The rental market was really the driving force behind the expansion. Guests and homeowners from towns and cities that offered comprehensive recycling programs—who were already used to recycling their goods—wanted to have the same opportunity while on vacation.
More and more homeowners decided to “opt-in,” and within two years, Hatteras Recycle was servicing all of Midgett Realty’s homes, island-wide, and was regularly getting requests from other property management companies.
And it wasn’t just out-of-town homeowners. Between the increased visibility of the company’s recycling bins outside rental homes and Phillips’s attempt to provide free recycling services at all the island’s major community events, local residents and homeowners had started requesting the service as well.
By the end of 2009, Hatteras Recycle was servicing more than 700 homes, all over the island, with new requests coming in so fast that the company literally couldn’t keep up.
Phillips added more trucks and more employees to keep up with the increase in demand, but aside from that, much of Hatteras Recycle remained the same.
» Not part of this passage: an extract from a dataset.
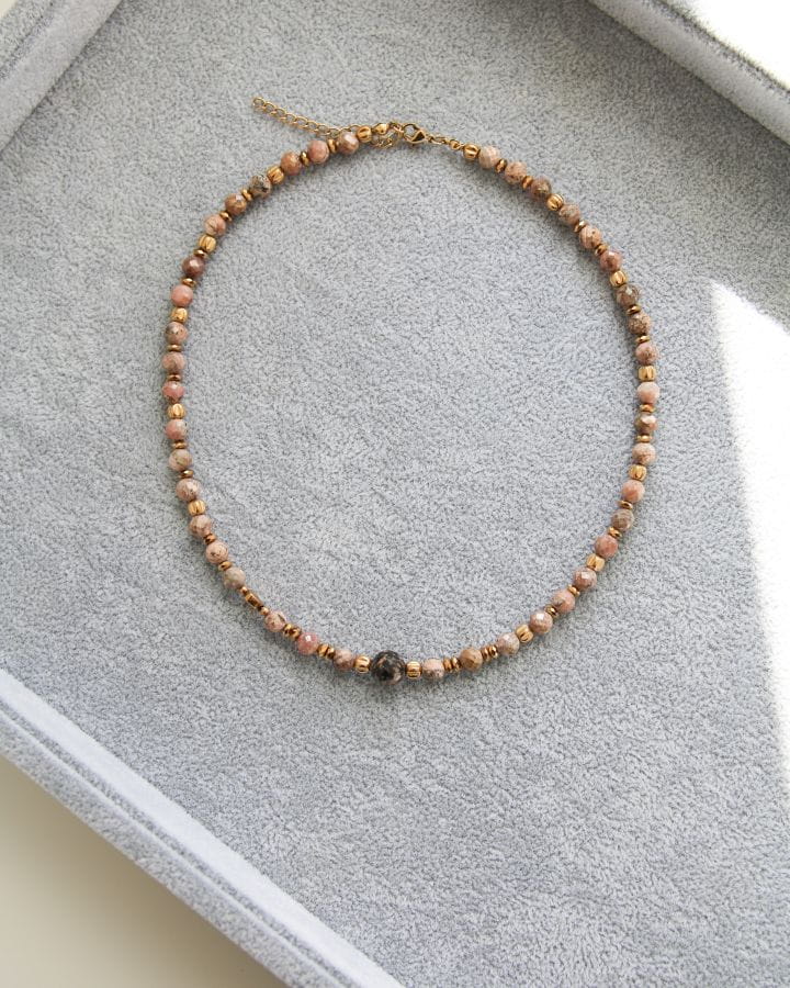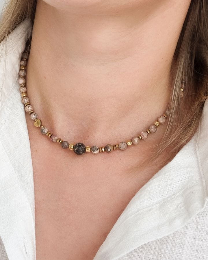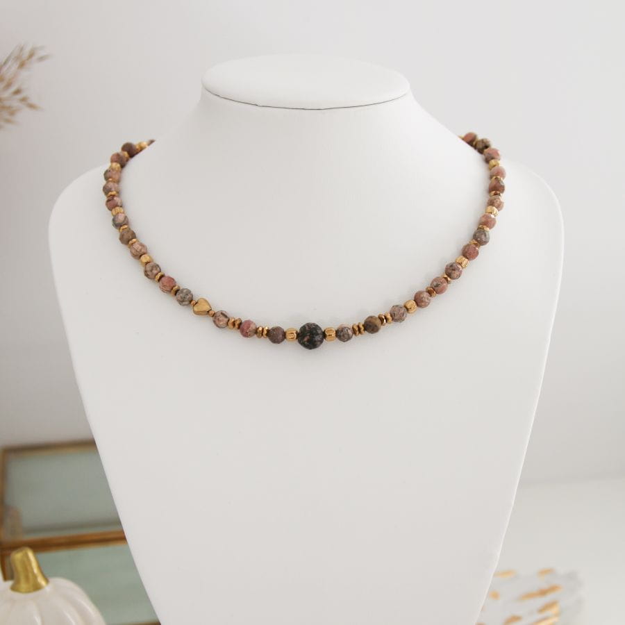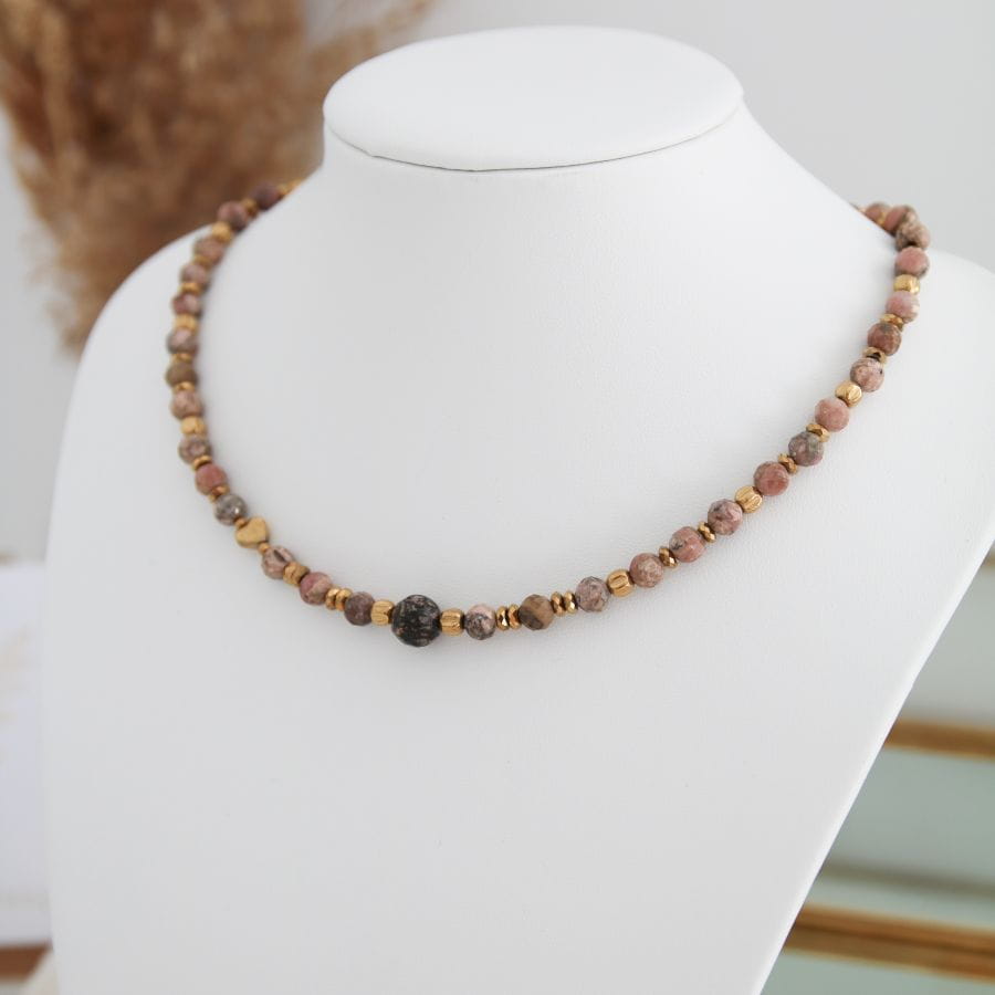 Naszyjnik typu choker, najlepiej wygląda noszony blisko szyi. Wykonany jest z kamieni rodonitu w pięknym pudorowo-różowym wybarwieniu, złotego hematytu (przekładki i serduszko) oraz dodatków ze stali szlachetnej (chirurgicznej), która ma właściwości antyalergiczne i nie uczula. Nie martw się, nasza stal jest wysokiej jakości, złocenie jest bardzo trwałe, nie wyciera się i nie ciemnieje.

Phillips still ran the business from his home, he still used flat-bed trucks for collection, and the material collected was still hauled off by the county.
“We’ve just been coasting along these past three years,” Phillips said, “just managing with what we have.”
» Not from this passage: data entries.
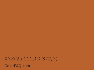 XYZ 25.111,19.372,5 Color is a normal orange color and the nearest color is Tuscany #bd5e2e. Hex code #ba622e and RGB value is rgb(186,98,46). In RGB color space, this color is composed of 73% red, 38% green, 18% blue, In CMYK color space, this color is composed of 0% cyan, 47% magenta, 75% yellow , 27% black , In HSL color space, this color has a hue angle of 22° , 60% saturation and 45% lightness.
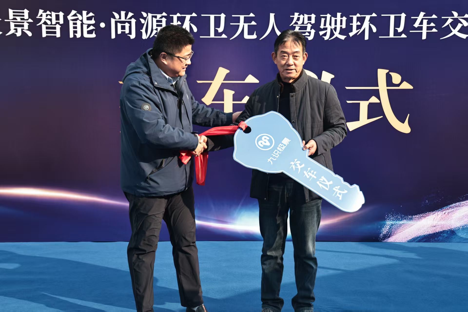 极景智能负责人(左)向无锡尚源环卫负责人交付象征机器人的钥匙。通讯员供图
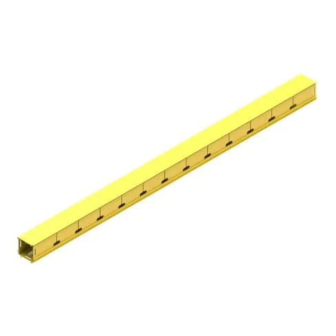 This 100 mm duct is similar to standard duct except that it is slotted to allow optical fibre cord feed off at 150mm intervals and external vision of the duct’s contents. It carries up to 400 pigtails or patch cords (3mm dia) to a depth of 50mm, without excess stress on them, during removal processes. The duct comes complete with a lid and is made of tough Noryl plastic with a non halogen, fire retardant. It connects to other 100mm duct sections and various bends adapters etc., using either: a standard joiner (Part No: TC1279‐27, Telstra Part No: S 353/514) or a slotless joiner (Part No: TC1279‐248A). It is recommended that each outlet slot be fitted with an outlet radius guide (Part No: TC1279‐ 212KIT – x 10 in a pack), that will guarantee the outgoing radius for every housed optical fibre cord. These are available separately.
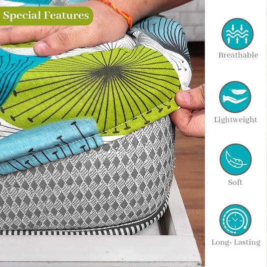 Divine Casa 144 TC 100% Cotton Floral Green Breathable Bedsheet King Size Bed Cotton Elastic Fitted Colour Baltic Sea
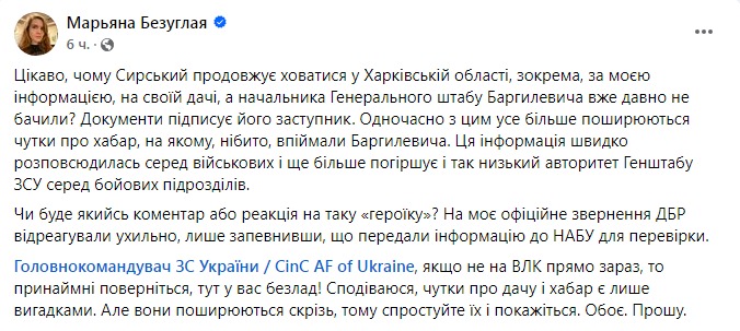 "Интересно, почему Сырский продолжает прятаться в Харьковской области, в частности, по моей информации, на своей даче, а начальника Генерального штаба Баргилевича уже давно не видели? Документы подписывает его заместитель. Одновременно с этим все больше распространяются слухи о взятках, на которых якобы поймали Баргилевича. Эта информация быстро распространилась среди военных и еще больше усугубляет и так низкий авторитет Генштаба ВСУ среди боевых подразделений", - сказано в посте Безуглой.
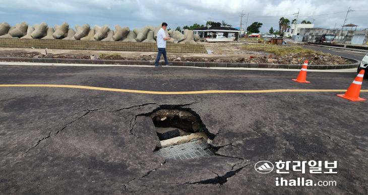 6일 오전 제주 강정항 도로가 태풍 힌남노에 부서져 있다. 연합뉴스
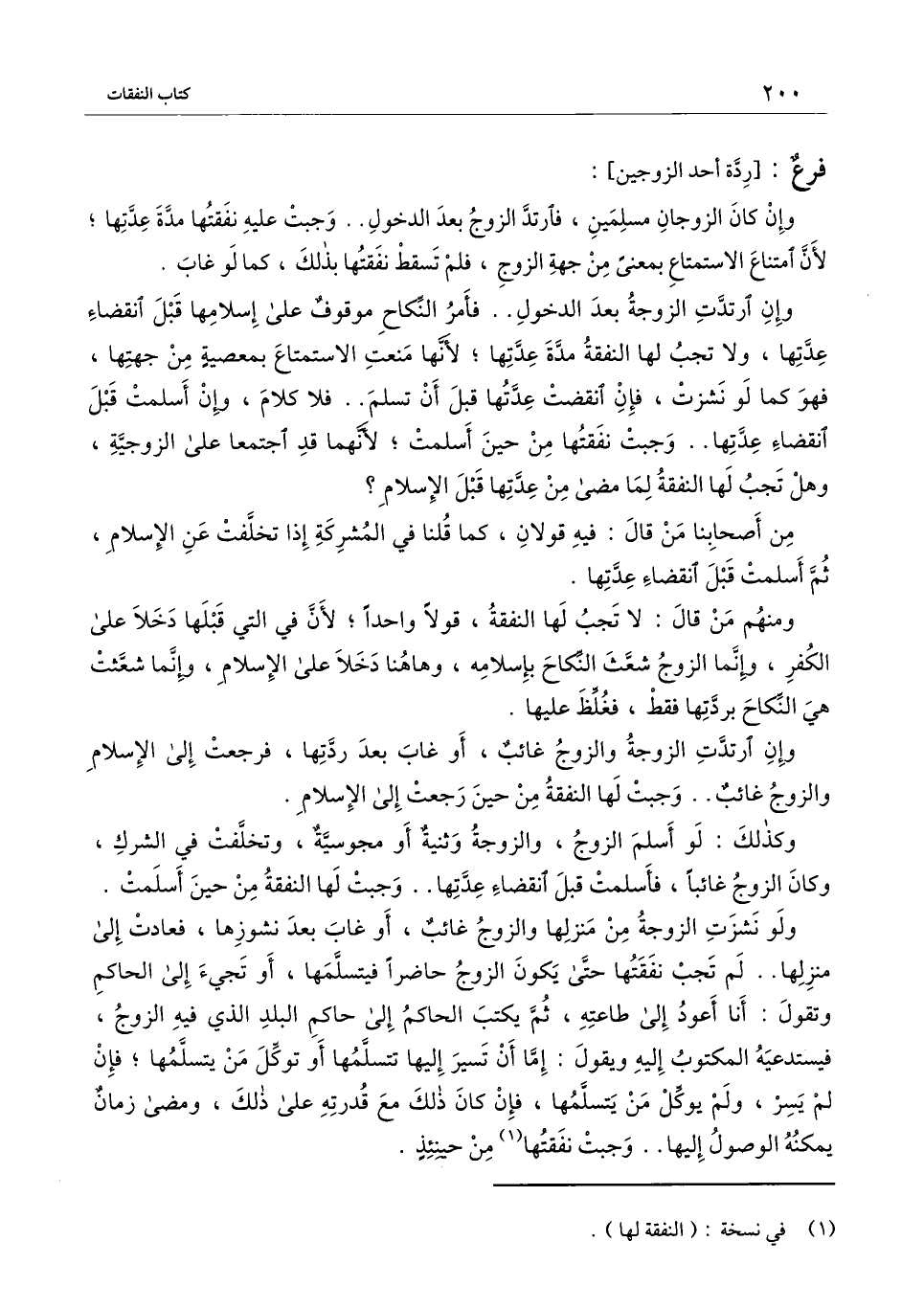 ومنهم من قال: لا تجب لها النفقة، قولًا واحدًا؛ لأن في التي قبلها دخلا على الكفر، وإنما الزوج شعث النكاح بإسلامه، وهاهنا دخلا على الإسلام، وإنما شعثت هي النكاح بردتها فقط، فغلظ عليها.

But that’s all about to change.
This year, Hatteras Recycle was awarded a contract to service all of Hatteras Realty’s rental properties—all 560 of them. On top of that, he’s going to start collecting recycling from restaurants, which are required to recycle by state law, and he’s expanding his business to include condo units and some additional private residences.
In order to accommodate the new demands, Hatteras Recycle is getting a facelift.
“[We’re] incurring $200,000 worth of infrastructure costs to retrofit the next phase of growth,” Phillips said.
Those new developments include the purchase of 1,100 new bins and 550 new roll carts, the construction a large warehouse facility in Salvo that will serve as both a depot for collected material and the new headquarters for the business, and a new compacting truck—which will essentially be able to do the work of two or three regular trucks.
“It’s a different type of recycling when you’re dealing with large rental homes,” he said. “One of our challenges has been dealing with that kind of volume.”
Phillips estimates that the additional contracts will increase the company’s weekly tonnage by about 35 to 40 per cent, which means that, in addition to finding new ways to collect that much material, he will have to find new ways to get rid of it.
“We will continue to work with Dare County, but we can’t give them everything we’re collecting,” he said. “There’s no county infrastructure to deal with the tonnage we’ve got.”
Phillips said they would likely end up storing much of the recycling at the warehouse facility and working directly with a materials processor to come and pick it up.
Another change Phillips would like to implement is an expanded season. Currently, Hatteras Recycle operates more or less in sync with the peak tourist season, running on a six-month schedule with service from May 1 to Oct 30. Phillips said that by 2014, he would like to get closer to an eight-month season, extending service from Easter through Thanksgiving.
And though the bulk of Hatteras Recycle’s revenue (and recyclables) come from rental houses, their services are available to island residents. In fact, the large realty company contracts mean that Phillips is able to work with locals directly, offering recycling pick-up for a nominal fee and on a flexible schedule.
And when it comes to his business, that’s one of Phillips’s biggest points of pride—that, and the fact that he is able to employ 12 Hatteras Island residents and pay them a good wage.
And in the end, it’s nice to know that, even if we can’t save the world from the inevitability/threat/hoax of global warming, we can at least preserve our local environment and bolster our local economy—just by putting some of our garbage in a different can.